Zariah Zarate beamed with joy Wednesday evening, watching intently from a spot on the court with her parents as the Brownsville Independent School District launched the Unified UIL Interscholastic Basketball League’s inaugural season.
The league will kick off play with games Monday. It is the result of a 12-year effort by Zariah’s father Sergio Zarate and lawmakers on both sides of the political aisle to pass Senate Bill 776 during the 87th Texas Legislature.
Otherwise known as Zariah’s Law, the bill took effect Sept. 1 2021. It will mean that children like Zariah will have the chance to play competitive sports, not just for the competitive aspect but also to receive the long-term benefits of coaching and being part of a team.
The inaugural ceremony took place in the Hanna Early College High School Gymnasium, with Zariah, a special needs student and sophomore at Veterans Memorial ECHS, seated cross-legged on a cushioned folding chair among school officials near the lectern from which the historic event unfolded.
BISD has been working since last year to implement Zariah’s Law. Wednesday the district rolled out the new UIl-sanctioned league and its six varsity-level teams. Middle schools will be added soon.
The ceremony was to introduce the community to unified, co-educational athletics and to announce coaches and the first teams in the Unified UIL Interscholastic Basketball League.
Each of BISD’s six early college high schools will field a co-educational team of 10 members, with teams playing in games comprised of three special needs athletes with an intellectual disability and two non-disabled players.
The teams will play each other in games with seven-minute quarters and regular UIL rules, Sandra Powers, BISD Assistant Athletic Director and Director of Unified Interscholastic Sports, said. The “No pass, No play” rule will apply.
“There’s no holding back. It’s a regular basketball game. They’re partnered, three students with an intellectual disability with two students who do not,” Powers said Thursday.

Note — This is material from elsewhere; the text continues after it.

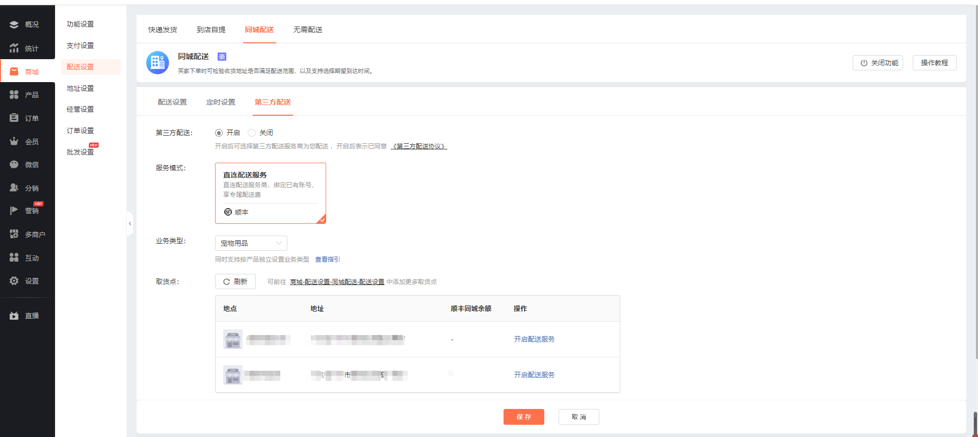 目前配送范围支持根据服务半径设置,若服务半径为10公里,则买家的收货地址超过商家取货地址10公里的范围将不可下单

“This is now a sanctioned UIL athletic event. It’s a new division of athletics.” with basketball in the winter and track and field in the spring. “It’s going to be integrated into the infrastructure we already have in those sports,” she said.
Retired state Sen. Eddie Lucio, D-Brownsville, sponsored the Senate bill. It directed the UIL to work with Special Olympics Texas to implement team sports for students with intellectual disabilities.
The result is a division of unified athletics within UIL under which UIL member schools can become a Special Olympics Texas Unified Champion Schools.
BISD schools have done so, paving the way for the district’s high schools to have teams advance into district and area competition and ultimately state-championship games just like regular BISD teams.
The goal is for students with intellectual developmental disabilities to experience the same opportunities that non-disabled students experience, Athletic Director Gilbert Leal said during the program.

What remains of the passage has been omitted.